1. Science and technology is our ultimate salvation
2. Human beings are basically good.
3. Science and technology can be controlled.
In the infant years of modern technology and science, when new cures where being discovered and new technology was making human labour a little lighter, people could be forgiven for thinking that science will bring us in to a new utopian age without suffering or poverty.
In the new millennium, history has made it brutally obvious that science can have the opposite effect, and as we continue in our technological and scientific achievements, that effect is in danger of outweighing the good. We already have nuclear bombs. In the future it appears nano technology and the ability to reprogram matter will be available to us, and relatively soon. The damage this could cause is tremendous. Whole populations could be silently wiped out over night.
The truth is, science and technology is only as good for us as our ability to counter its negative effects. Some say, so long as its in the right hands such horrors can be averted or controlled. But what hands is the right hands? America? You gotta be kidding!! You only have to look at Hiroshima, to realise that western government is far from being the moral light of the future. And what in human history proves to any sufficient degree that humans are basically good? It seems to me that despite humanities moral achievements the evil of man far out weighs the good, and the fact that we have any kind of working order in society at all is only because necessity forces us to work together. I certainly don't see any evidence, accept for minority groups here and there, that people love each-other or really give a dame accept when it suits them. Apart from necessity human beings are largely selfish animals; some more so than others, but we are selfish none the less. No, I don't believe that human beings are basically good; although they are certainly intelligent enough to realise that we must have a certain degree of order so that the elite ten percent of the population can benefit.

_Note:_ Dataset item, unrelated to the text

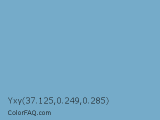 Yxy 37.125,0.249,0.285 Color is a light blue color and the nearest color is Moonstone Blue #73a9c2. Hex code #75abc9 and RGB value is rgb(117,171,201). In RGB color space, this color is composed of 46% red, 67% green, 79% blue, In CMYK color space, this color is composed of 42% cyan, 15% magenta, 0% yellow , 21% black , In HSL color space, this color has a hue angle of 201° , 44% saturation and 62% lightness.
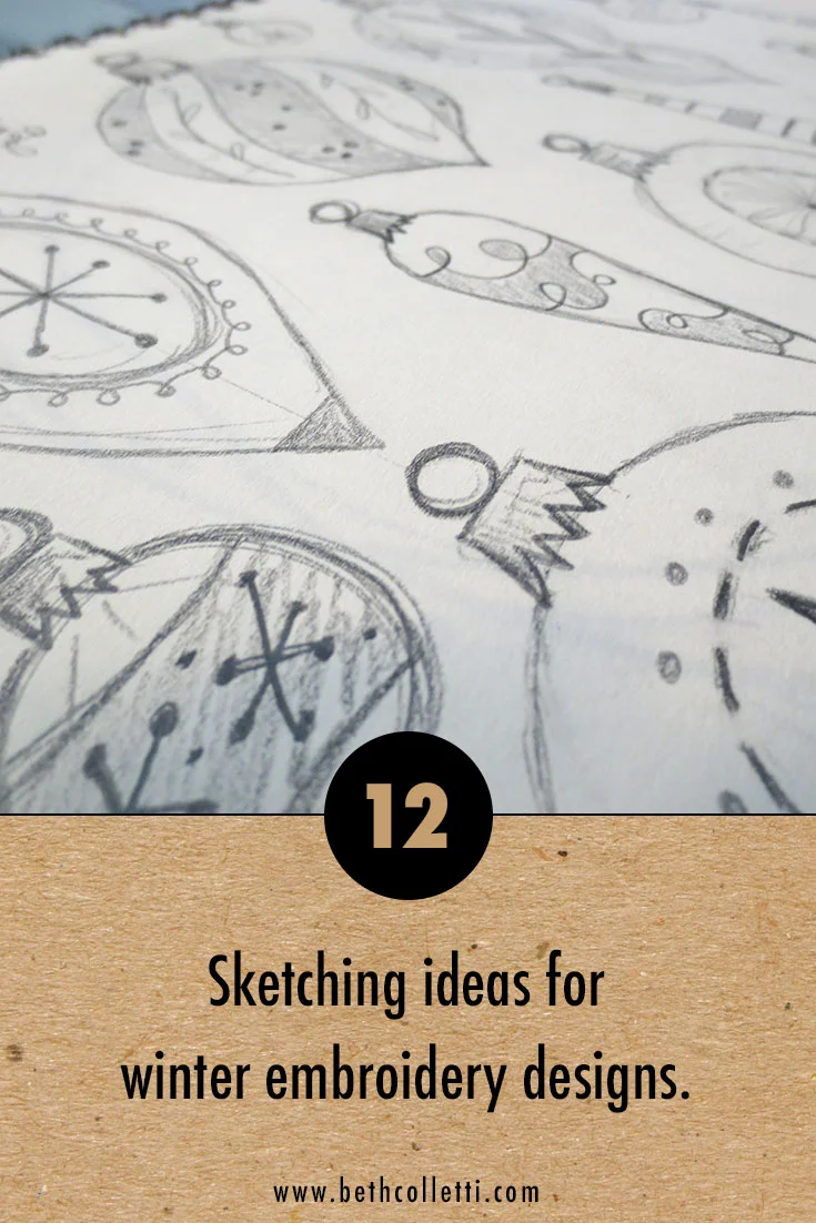 I find it difficult to think of wintry designs when it’s the dog days of summer, but I’m making time to brainstorm and doodle in my sketchbooks before I pick finals for new patterns and kits. Sneak peeks to come!

If it were the case that human beings were basically good we would already live in a better society than we are living in now.

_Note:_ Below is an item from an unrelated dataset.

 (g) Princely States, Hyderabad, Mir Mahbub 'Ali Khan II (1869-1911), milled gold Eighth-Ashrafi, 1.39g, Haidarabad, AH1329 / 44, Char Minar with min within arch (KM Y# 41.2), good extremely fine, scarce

I believe, despite the good intentions of human-beings, that science and technology will inevitably spin out of control and give an even more horrific potency to the words "survival of the fittest".
1. Science and technology is our ultimate salvation
2. Human beings are basically good.
3. Science and technology can be controlled.

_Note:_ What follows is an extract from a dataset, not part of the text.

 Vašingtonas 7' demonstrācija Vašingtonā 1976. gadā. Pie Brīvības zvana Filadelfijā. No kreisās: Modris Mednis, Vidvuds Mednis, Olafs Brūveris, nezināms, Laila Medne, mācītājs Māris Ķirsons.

In the infant years of modern technology and science, when new cures where being discovered and new technology was making human labour a little lighter, people could be forgiven for thinking that science will bring us in to a new utopian age without suffering or poverty.
In the new millennium, history has made it brutally obvious that science can have the opposite effect, and as we continue in our technological and scientific achievements, that effect is in danger of outweighing the good. We already have nuclear bombs. In the future it appears nano technology and the ability to reprogram matter will be available to us, and relatively soon. The damage this could cause is tremendous. Whole populations could be silently wiped out over night.
The truth is, science and technology is only as good for us as our ability to counter its negative effects. Some say, so long as its in the right hands such horrors can be averted or controlled. But what hands is the right hands? America? You gotta be kidding!! You only have to look at Hiroshima, to realise that western government is far from being the moral light of the future. And what in human history proves to any sufficient degree that humans are basically good? It seems to me that despite humanities moral achievements the evil of man far out weighs the good, and the fact that we have any kind of working order in society at all is only because necessity forces us to work together. I certainly don't see any evidence, accept for minority groups here and there, that people love each-other or really give a dame accept when it suits them. Apart from necessity human beings are largely selfish animals; some more so than others, but we are selfish none the less. No, I don't believe that human beings are basically good; although they are certainly intelligent enough to realise that we must have a certain degree of order so that the elite ten percent of the population can benefit. If it were the case that human beings were basically good we would already live in a better society than we are living in now.
I believe, despite the good intentions of human-beings, that science and technology will inevitably spin out of control and give an even more horrific potency to the words "survival of the fittest".